When will we know, we ask, as we wait, as wait we must, for the test results, the biopsy, MRI examination, or the doctor to come. The measure of our belief and the depth of our love: These are revealed in the mystery of waiting.

How hard it is to wait, as sometimes we must, before we can tell the one we love we are sorry for some wound, small or great, that we have caused. Sometimes it is still too tender to touch and we must wait until we will not make the hurt worse by speaking, even in regret, about it.

Waiting is indeed everywhere, as part of that even larger religious mystery of being imperfect. We are learning as a nation that our voting, and our voting machines, are just like us. They make mistakes because we make mistakes. The notion of zero-defect performance in anything human, or anything really spiritual, is an illusion.


The insurance industry, service contracts, the confessional, greeting cards, the reset button, the delete key and the eraser all depend on our most abiding and indelible characteristic _ being imperfect.

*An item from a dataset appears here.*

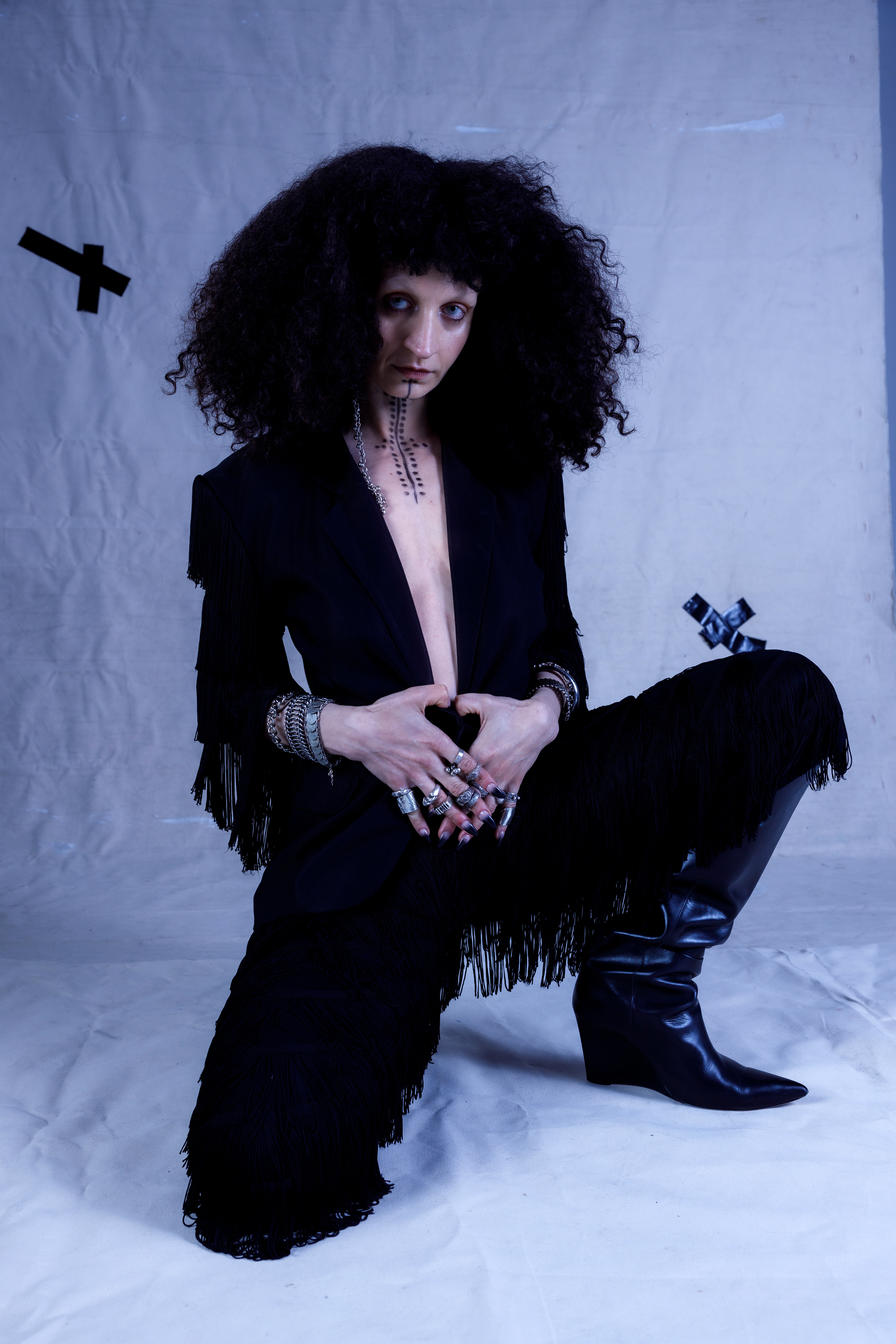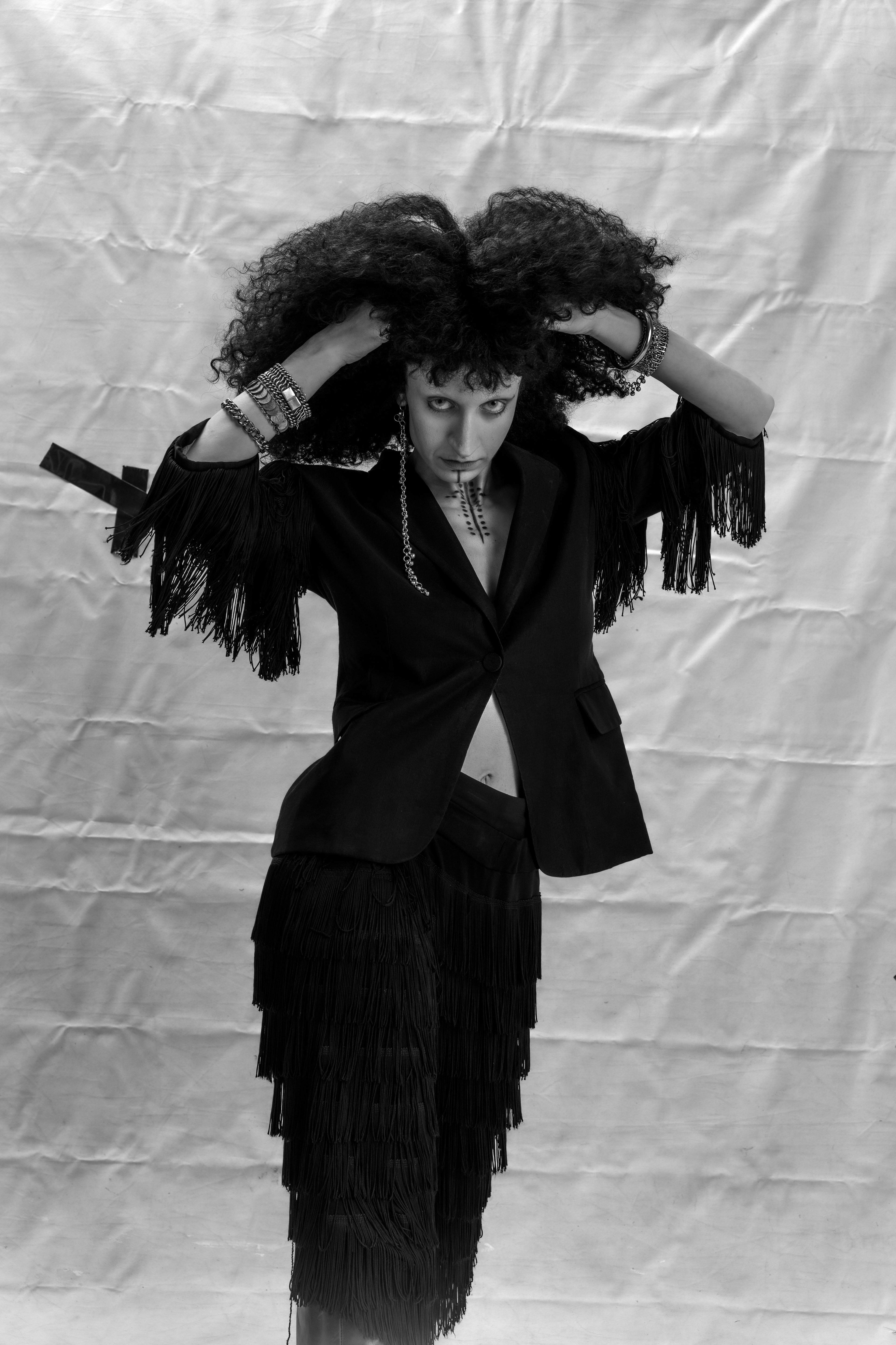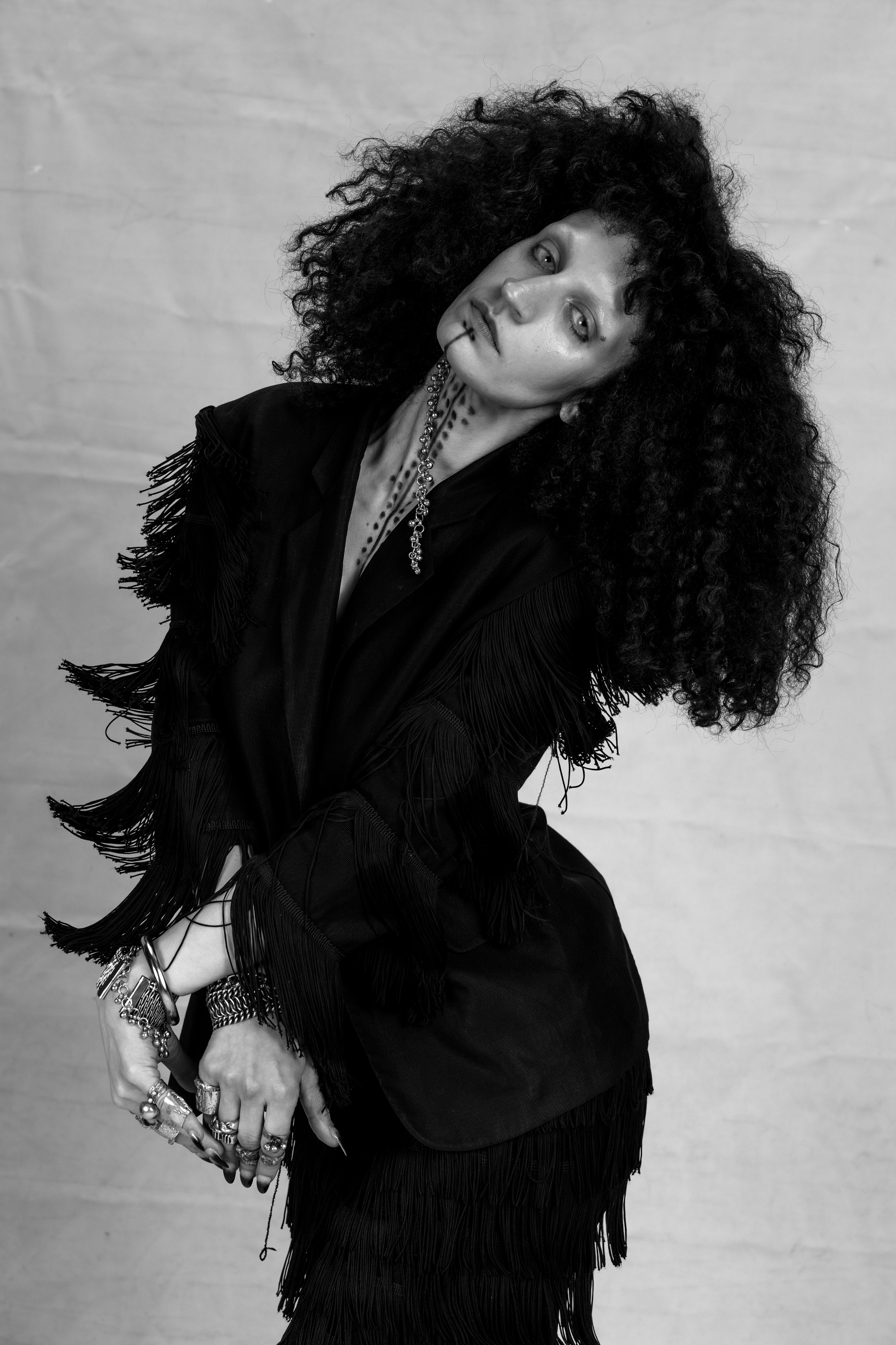 ‘ Growing up between clashing worlds, I often felt like an outsider, like the antagonist in my own story—never fitting neatly into any label. I was inspired by the women like my great grandmother who for generations got these deq tattoos imbued with wishes, fortune, and protection. All these inherited stories and traditions simultaneously felt alien to me. Just as a tattoo is a ritualized act of deploying one’s own chosen identity, I am using this moment to question the significance of identity and heritage. I am not that I am not’ MAIA ABBAS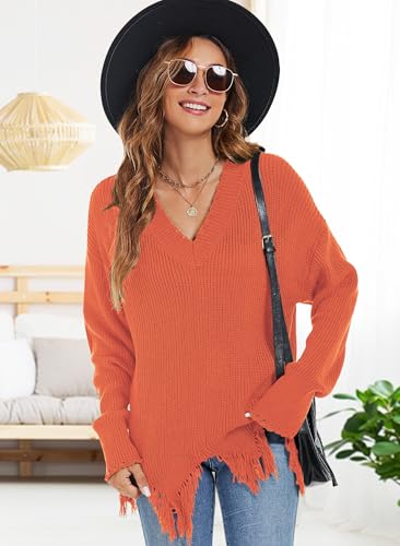 • Cute sweater to add a little variety to your fall wardrobe!Ripped on the neck and cuff,fringe symmetrically distressed on the bottom,women's long sleeve drop shoulder sweaters

The Christian is not called to icy perfection but to a kind of glorious imperfection. Were we able to be perfect, we would never have to trust anybody, hope for anything, love each other or pray for anything. The best things about us are drawn out of us only because of the imperfect things within us.

These are the mysteries. Perhaps an election filled with waiting and imperfection is worthwhile if it reminds us that these experiences are filled with wonder and are as common as sunrise and nightfall.